Question

Calculate the pOH of ${{10}^{-2}}$ M monobasic acid if value of ${{K}_{w}}$ at ${{90}^{\circ }}C$ is ${{10}^{-12}}$.
(a) 2
(b) 10
(c) 12
(d) 7

Answer 1

${{K}_{w}}$is the symbol of the ionic product of water and it is equal to the sum of the concentration of hydrogen ions and concentration of hydroxyl ions in the solution. So the formula can be used as ${{K}_{w}}=pOH+pH$.

Complete step by step answer:
In the question, it is mentioned that the acid is monobasic which means that one molecule of the acid can donate one hydrogen ion or we can say that the concentration of the acid is equal to the concentration of hydrogen ions in the solution.
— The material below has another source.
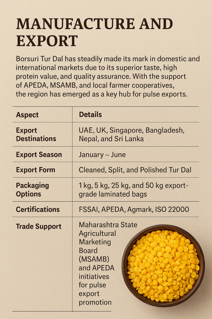 Borsuri Tur Dal has steadily made its mark in domestic and international markets due to its superior taste, high protein value, and quality assurance. With the support of APEDA, MSAMB, and local farmer cooperatives, the region has emerged as a key hub for pulse exports.

And the concentration of the hydrogen ions in the solution is given ${{10}^{-2}}$ M. Therefore we know that the negative logarithm of the concentration of hydrogen ions in the solution is equal to the pH of the solution.
This can be written as:
$pH=-\log [{{H}^{+}}]$
Now putting the value of hydrogen ions we get:
$pH=-\log [{{10}^{-2}}]$
$pH=2\log 10$
We know that log 10 is 1, so:
$pH=2$
${{K}_{w}}$is the symbol of an ionic product of water and it is equal to the sum of concentration of hydrogen ions and concentration of hydroxyl ions in the solution.
It can be written as:
${{K}_{w}}=pOH+pH$
Now we are given the value of ionic product of water as ${{10}^{-12}}$, so this is written as:
$pH+pOH=12$
We know the value of pH is 2, so putting the value we get:
$2+pOH=12$
$pOH=12-2$
$pOH=10$
So the value of pOH is 10.

Therefore, the correct answer is an option (b) 10.

Note: The value of ${{K}_{w}}$is ${{10}^{-12}}$, and in equation form it is converted as:
${{K}_{w}}=-\log [{{10}^{-12}}]$
${{K}_{w}}=12\log 10$
Value of log 10 is one, so
${{K}_{w}}=12$
So the equation becomes:
$pH+pOH=12$.